Answers — and a Rare Diagnosis
I finally pushed for extensive testing and sought out a Functional Medicine Practitioner. For the first time in almost 25 years I learned that not only did I have an under-performing thyroid, but I had autoimmune thyroid disease — Hashimoto’s.
Despite finally having some direction, things continued to worsen. I landed in the ER repeatedly with abdominal pain and gastric distress. Emergency scopes followed. I was ordered to cancel our travel plans — devastating, as we were less than a month away from celebrating our 25th wedding anniversary.
By the time I was hospitalized for several days, I could barely tolerate food. Muscle weakness was so severe I struggled to climb stairs. Being knocked out for tests felt like relief.
The diagnosis eventually came: Eosinophilic Gastroenteritis — a rare condition the surgeon admitted they knew very little about.
Being told to “Google it” was terrifying … and oddly clarifying. At least it wasn’t cancer. But it marked the beginning of thousands of hours of research into my condition — and autoimmune disease as a whole.

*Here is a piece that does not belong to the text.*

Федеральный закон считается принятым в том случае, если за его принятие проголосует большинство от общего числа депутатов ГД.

This Is Where My Story Intersects With Yours
After starting the AIP Diet early in 2017, I sought support online and eventually joined what was then called the AIP Diet Recipes Group (now AIP Recipe Collection – Autoimmune Protocol Recipes), on Facebook.

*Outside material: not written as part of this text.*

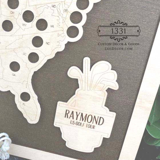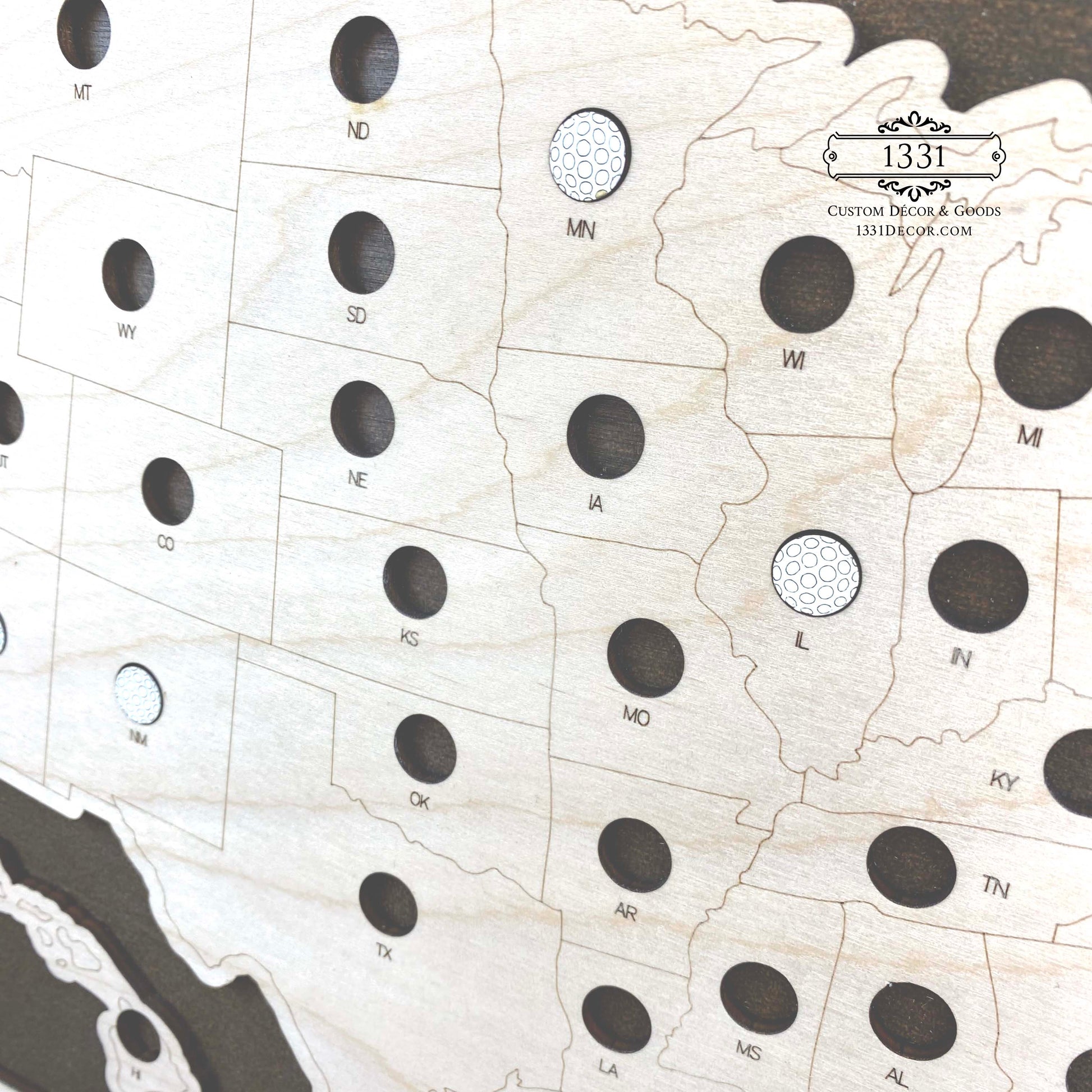 Made of two layers, the map includes little golf balls to check off the states. Simply peel off the back piece to expose the adhesive before placing in the appropriate state.

It wasn’t but a couple of weeks and volunteered to become a moderator, then an administrator. What I quickly realized was that while I’d gone looking for support, I had become the go-to-gal for answers and I was the one supporting others.

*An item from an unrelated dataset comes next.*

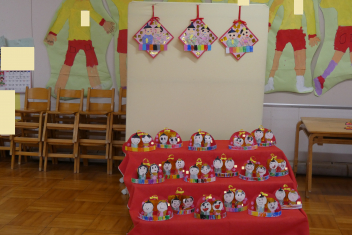 部屋には、子供たちが作ったおひな様を飾りましたsmiley

Eventually I took over the group with the founder’s blessing so that I could establish and maintain a strict format — no sick-talk, just recipes meant to heal, not harm.
I started answering questions privately, sharing what I was learning, and trying to help people feel less alone and less overwhelmed. Eventually it became clear that not everyone has the time, energy, or capacity to research their way through chronic illness — and I wanted to help fill that gap.
Another Layer: Mold Illness
In 2018, despite all of the progress I’d made on the AIP, my Functional MD was baffled by my continued need for copious supplements, and it seemed inexplicable that my health was spiraling once again as autumn set in. Things went completely off the rails after returning from a trip to Germany, when I developed rashes and itching like I could never have imagined. I was sleeping with ice packs just to cope — when I was able to sleep at all.
My mood swung dramatically. Depression crept in and I was downright angry. Salves and ointments were prescribed as a band-aid solution, and I feared being pushed toward heavy-duty medications that would undo everything I’d worked so hard to rebuild in my gut. Everyone, including my doctor, suspected the trip had triggered something — yet none of it made sense to me, because I had actually felt better while we were away.
It was time to start digging again.
Up until then, we had assumed the root cause of my illness was chronic stress and my mismanagement of it, compounded by major surgery and a couple bouts of food poisoning. What we hadn’t seriously considered was that there could be another underlying driver.
There was.
To make a very long story short, the century-old farmhouse we had lived in for over 15 years — along with the similarly aged home we’d lived in for a decade prior with a leaky basement — were making me very sick. More accurately, long-term mold exposure was. After countless hours of research into mold illness, CIRS (chronic inflammatory response syndrome), and mast cell activation, I came to understand that I am one of many people whose immune system is profoundly affected by mold.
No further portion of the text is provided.